Не сдержавшись, Хальс выругался. Ну надо же было уронить именно этот листок! Разумеется, он в любом случае прочел бы все записи, но без ощущения бесцельности и бесконечности выполняемой работы инквизитор вполне смог бы
Что ж, по крайней мере теперь становилось понятно, куда и зачем ушел Цукерброт. Новоиспеченный язычник затеял провести некий ритуал неведомого назначения. По всей видимости, наметил он его на ночь новолуния, то есть завтрашнюю, что по-своему удивительно: почитателю Луны следовало бы дождаться ее явления во всей красе, а не творить нечто, пока она "не видит". Но мысли сумасшедшего неисповедимее путей Господних. Река в Бамберге одна, горы находятся на юге; едва ли Цукерброт собрался преодолеть половину Империи в поисках идеального алтаря, значит, искать его стоит где-то поблизости. Хорошо бы уточнить у старожилов, нет ли где-то к югу от города заброшенного капища... Но это утром. Для начала необходимо поспать хотя бы несколько часов. Если рвануть в погоню верхом, до ночи они успеют прочесать весь берег.
* * *
Этой ночью я так и не сомкнул глаз, глядя в звездное небо. Ее светлого лика видно не было, но это ничего не значило. Скоро, совсем скоро явится миру Ее темный лик, в небесах вспыхнет огонь, и тогда я уйду к Ней - и если Она будет милостива, встречусь и с тобой. Ты не простишь меня, за такое и нельзя простить, но мы снова будем вместе. Порой я гоню от себя ужасную мысль, ужасную, с какой стороны ни посмотри: сложись все иначе, ты бы, конечно, осталась со мной, но я никогда не обрел бы Ее, не обрел бы себя. Я когда-то был молод - так же, как ты. Я ходил путем Солнца - так же, как ты. Но теперь все изменилось, и только Она могла дать мне то, что есть у меня ныне - Путь.

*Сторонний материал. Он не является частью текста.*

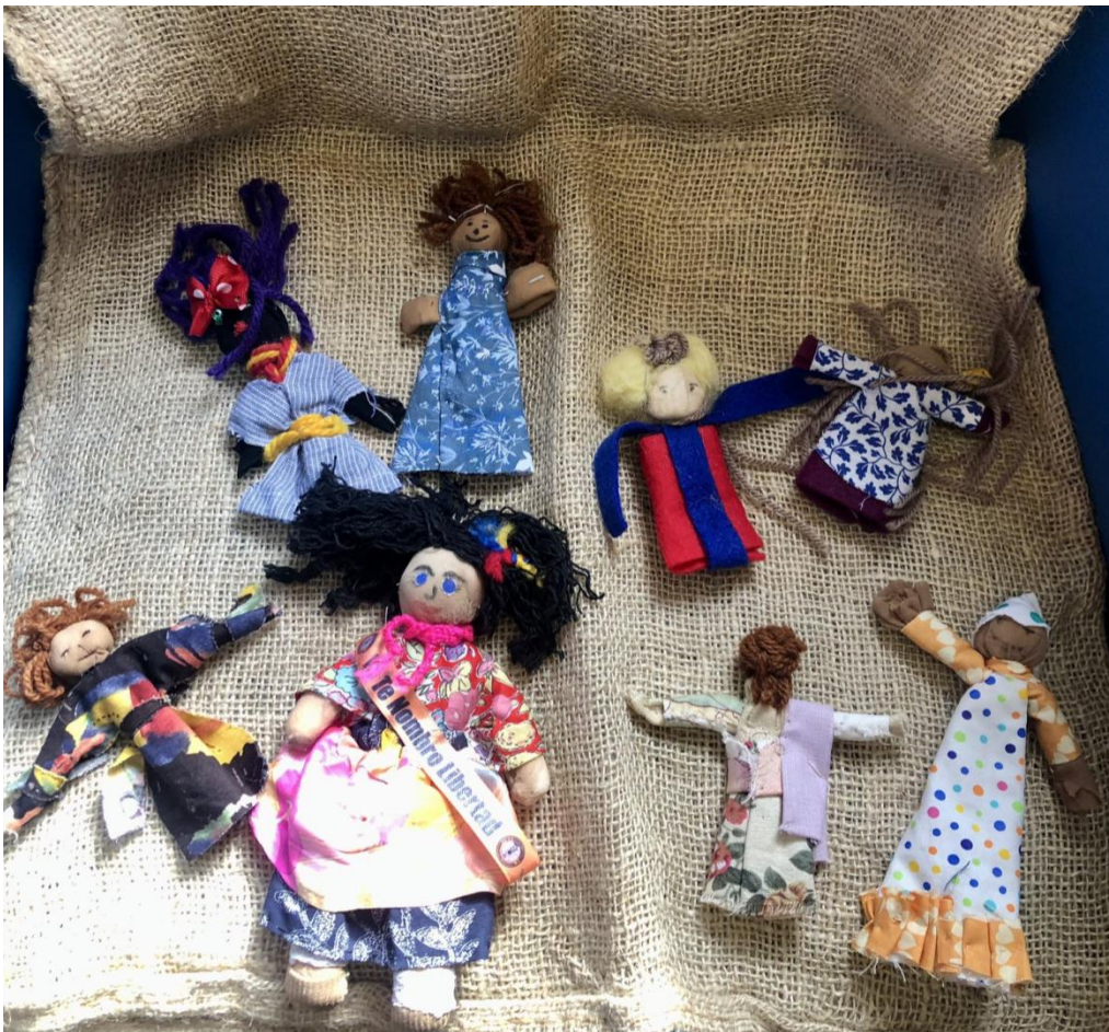
A selection of dolls created in a workshop for International Human Rights Day, 10 th December 2021 Con-textualising Memory / Con-textualizando la memoria .

Солнце поднялось в зенит и медленно поползло по небосклону. Близится Час. Я раздуваю угли, пробуждая к жизни задремавшее пламя.

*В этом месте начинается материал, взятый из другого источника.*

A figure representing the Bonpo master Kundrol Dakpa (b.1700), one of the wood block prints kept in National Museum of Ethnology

Белый дрок - в костер. Бересклет - в костер. Огонь воспрял, пожирая брошенную в его пасть добычу.
Я вновь устремляю взгляд вверх, чтобы не пропустить Знак.
* * *
Первым делом с утра Кристиан Хальс отправился с докладом к обер-инквизитору. Гюнтер Нойердорф доверял своему подчиненному и за самодеятельность выволочку бы не устроил, но постепенно сдающий старик тщился чувствовать себя нужным и контролировать все лично, и молодой инквизитор не счел возможным обижать начальство. Коротко и четко изложив историю пропавшего еретика и хронику проведенных следственных мероприятий, Кристиан получил заверение в том, что никаких капищ и языческих храмов на левом берегу отродясь не водилось, и разрешение взять с собой нескольких стражников.

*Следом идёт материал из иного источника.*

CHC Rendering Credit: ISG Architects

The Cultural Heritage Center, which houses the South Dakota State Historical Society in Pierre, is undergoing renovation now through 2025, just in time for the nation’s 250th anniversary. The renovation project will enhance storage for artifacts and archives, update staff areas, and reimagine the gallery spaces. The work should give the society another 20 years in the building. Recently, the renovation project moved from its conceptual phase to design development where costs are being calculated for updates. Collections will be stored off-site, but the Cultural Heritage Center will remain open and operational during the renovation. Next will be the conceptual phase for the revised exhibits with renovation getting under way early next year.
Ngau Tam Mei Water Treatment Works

Гнать коней было ни к чему, но и задерживаться не следовало. И вскоре отряд, состоящий из одного инквизитора первого ранга и пятерых стражей, взятых не столько для сражения с малефиком, сколько для более эффективного обшаривания кустов, покинул город.
К полудню впереди отчетливо стали видны силуэты гор, и Хальс велел рассредоточиться и глядеть в оба. Пожухшая трава и полуоблетевшие кусты не могли послужить хорошим укрытием даже одинокому беглецу, и инквизитор не сомневался в успехе поисков.
Когда пару часов спустя стало стремительно темнеть, Кристиан решил, что погода портится, и к вечеру они рискуют основательно вымокнуть, а потому стоит поторопиться. Однако, подняв голову, он увидел лишь парящего в девственно-чистом, но стремительно сереющем небе орла и на глазах теряющее яркость солнце.
Неприятная догадка молнией сверкнула в мозгу. Вот о чем писал безумный еретик, упоминая о "Черной Луне". Не темный лик его покровительницы, а просто солнечное затмение! Вот он, тот Час, которого ждал Цукерброт. А это значит, что они глупо, отчаянно, безнадежно опаздывают. Нет у них времени до темноты. Все произойдет прямо
сейчас, в ближайшие минуты, и хорошо, если у ритуала не будет каких-нибудь глобальных последствий, и если этот сумасшедший не напоил своими травами пяток человек и не собрался теперь принести их в жертву своему безумию.– Галопом!
– срывая голос, закричал Кристиан. Таиться было больше ни к чему. Безумец где-то здесь, у края обрыва над рекой. Он сам выбрал это место и едва ли покинет его до срока.
– Ищите костер!
Ледяной ветер хлестнул по лицу, высекая из глаз слезы, когда конь инквизитора первым сорвался в галоп.
Они неслись по крутому берегу реки под стремительно темнеющим небом и угасающим солнцем, мчались наперегонки с наступающей посреди дня ночью. С высоты за ними безразлично наблюдал неподвижно зависший, будто вмерзший в умирающее небо орел. Они не успевали. Хальс знал это, но все равно гнал коня. Его долг - сделать все, что он сможет, а удастся ему или нет - все в Его воле. По крайней мере, совесть следователя будет чиста.
* * *
Солнце еще не утратило блеск, но я ощутил, что Час подступил. Осталось еще несколько десятков ударов сердца - как раз довольно, чтобы завершить приготовления.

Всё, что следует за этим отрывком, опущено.